Notices

I am going to walk myself through "a few drinks"

Thread Tools
 
Old 11-17-2009, 04:55 PM
  # 1 (permalink)  
Member
Thread Starter
 
Join Date: Nov 2009
Posts: 9
I am going to walk myself through "a few drinks"

Hello all... Today is day 10 and for the first time I feel the urge to drink coming back. I have a support group and am taking a medicine that is helping but I still feel the need to have "a couple drinks". So, recovery is about honesty right? So, I'm going to honeslty walk myself through my drinking night...

The drive to the liquor store would be great. Listening to music excited, literal butterfiles in my stomach. I'd think "you should be proud of urself, you made it 10 days and you've been doing great. Exercising, eating well, sleeping, you deserve a release... I'd get home and make drink one. Half whisky and half coke. The first few sips would literally send a calming chill through my body. I'd be happier, more alive, more confidet, more optimistic about life.

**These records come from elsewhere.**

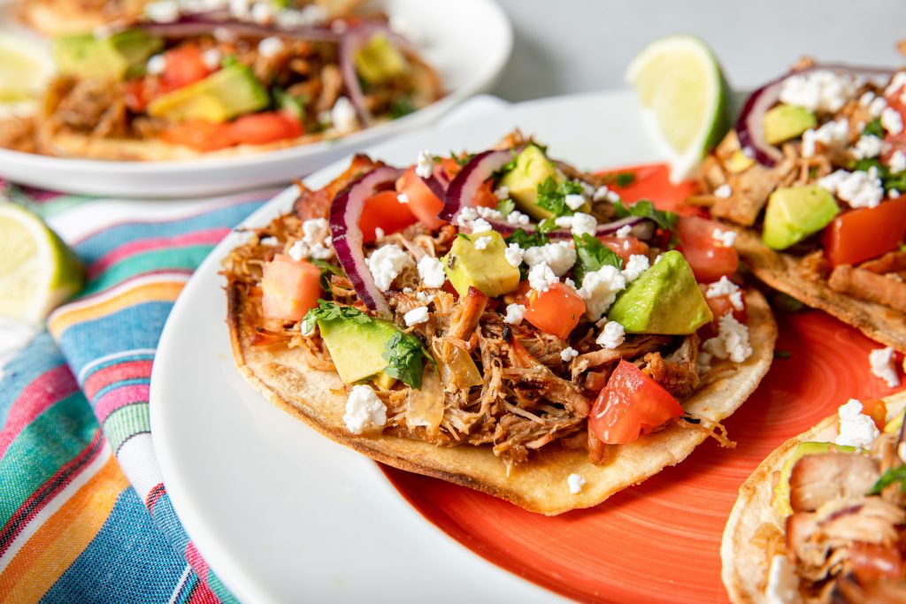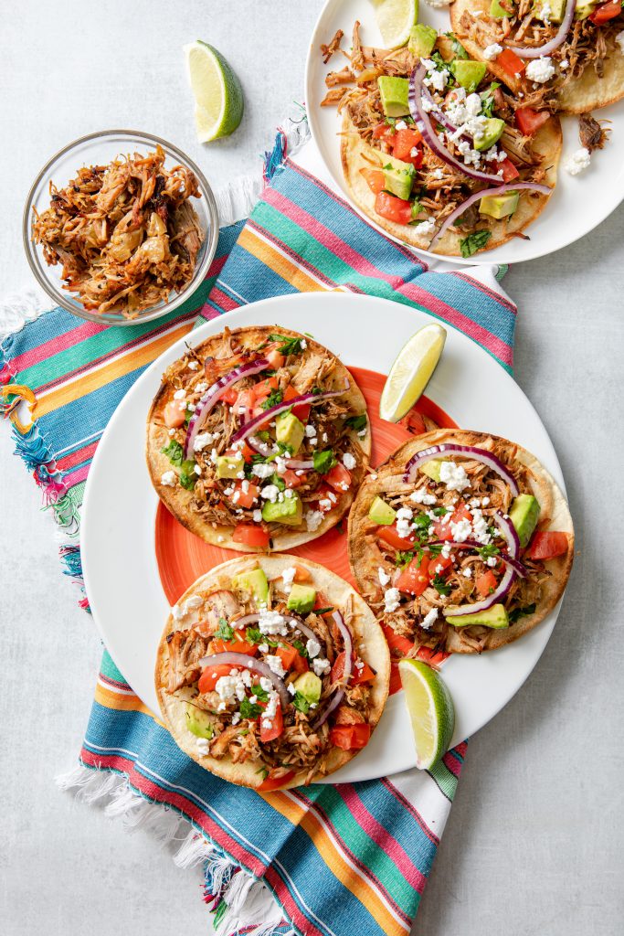 2. Assemble the tostadas: top each tortilla with pork and desired toppings. Serve with lime wedges.
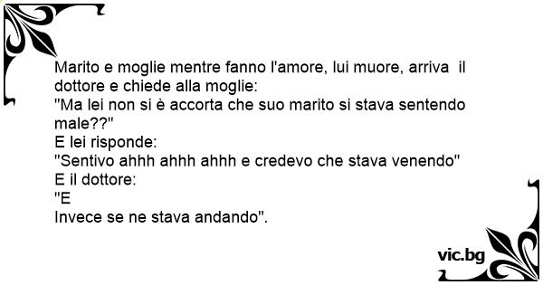 Marito e moglie mentre fanno l'amore, lui muore, arriva il dottore e chiede alla moglie:
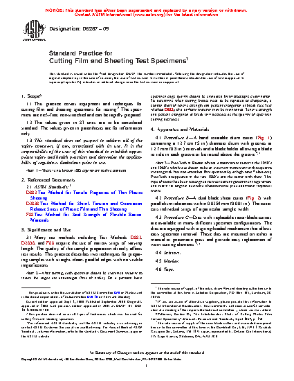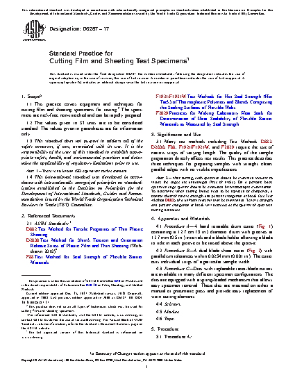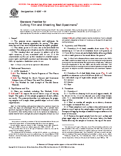 3.1 Many test methods including Test Methods D882, D2838, F88, F1921/F1921M, and F2029 require the use of narrow strips of varying length. The quality of the sample preparation directly affects test results. This practice describes three techniques for preparing samples with straight, clean, parallel edges with no visible imperfections.
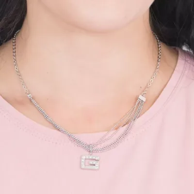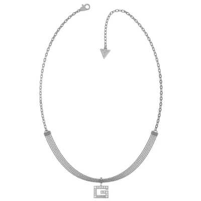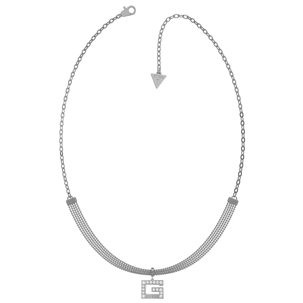 Elegantne ogrlica brenda Guess iz kolekcije G Multi Chain. Izrađene su od nerđajućeg čelika u srebrnoj boji.Viseće kuglice u kombinaciji sa Swarovski kristalima na slovu G dodatno naglašavaju efektnost ovog modela.
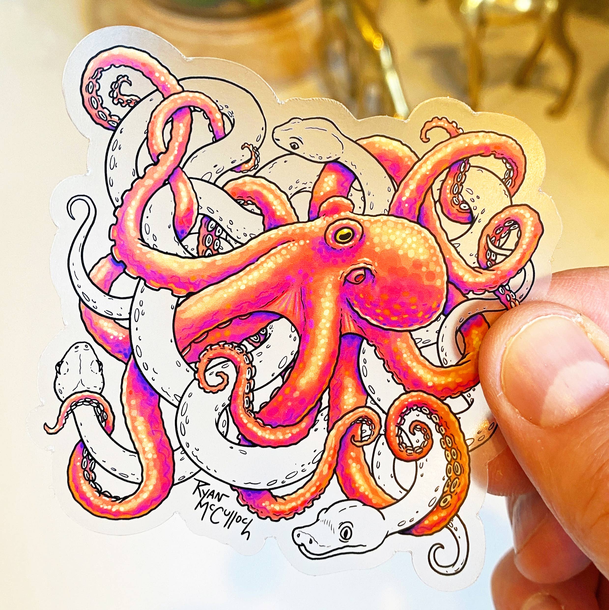 Min butik fokuserar på premium vattentäta klistermärken, som lyfter fram specialmaterial som holografiskt, transparent, glitter, glöd-i-mörker, 3-D och mer! Dessa vinylklistermärken är extremt hållbara och UV-skyddade också! Mitt konstverk kretsar främst kring min kärlek till djur... och vanligtvis min besatthet av mat också! Det gör mig så glad att ha mina klistermärken i så många butiker runt om i landet. Och det faktum att dessa butiker kommer tillbaka för att fylla på lager flera gånger om året, gör mig verkligen stolt! TESTIMONIAL: ”Våra kunder älskar Ryans klistermärken, de flyger från hyllan! En återspegling av hans fantasi och kreativitet, hans mönster är geniala. Det är fantastiskt att se människor lysa upp när de tittar på dem.” -Evigt utvecklande exotik, Tucson AZ

I'd be chatty with my wife. While drinking I'd expain to her very clearly how I didn't have a problem. I would tell her, I'm only having a drink, what's the big deal. We have a house, good jobs, everything is great. I'd then make drink two. Talk to her about plans, the future, how good everything is, how much we're going to get done this weekend, etc... Drink three would come and she'd start to get a bit tired. I'd be slightly drunk at this point. I'd say "why r u going to bed so ealry". She'd say, it's 10, I always go to bed at 10. I'd say "You're right, I'd kiss her on her head in hopes she didnt smell my booze infested breath. She'd say "I love you, don't stay up to late". I'd say, "I won't honey, love you to".... Inside, I'd be happy that she's going to bed. Now I can drink like I want to... I would make drink 4 (now over half the fifth is gone) and also pour two shots to drink. Now I'm hammered. It's 11pm and I'm playing video games drinkign alone... now the mind sort of clears out. Now not thinking about anything, just noticing that my drink is emptying faster than at earlier. On to drink 5 and one more shot, now there's just a little bit left in my fifth. I'm hammered, stumbling around, dropping shiit, mummbling to myself, etc... Now it's 1am a decision has to be made. Finish the bottle? No way, that's what alcoholics do, I can't drink a fifth!!!!!!!! I'll feel like hell tomorow. I'll have a strong beer instead... Finsih the beer... feel empty, worried, ashamed, drunk.... get worried... how will I work tomorrow? I need to sober up. I need, I need, I need.............. FOOD! That will do it I'll make god knows what and eat a shiit ton... Still anxious.... it's 2am. DAMMIT! I know, I'll take a xannax.... Stumble to bed....

Alarm goes off at 630. I can't wake up, I'm still drunk. How will I work today. Fukc it, it won't... I need a dayoff anyway... No! I can't do that I have a family to support. I'll drag myself up... Get in shower, feel like hell, chest hurts, stomach is bloated for all the booze and crappy food. Entire body smells of whisky. HOW DID I DO THIS... I WAS DOING SO GOOD... NEVER AGAIN I'LL SAY....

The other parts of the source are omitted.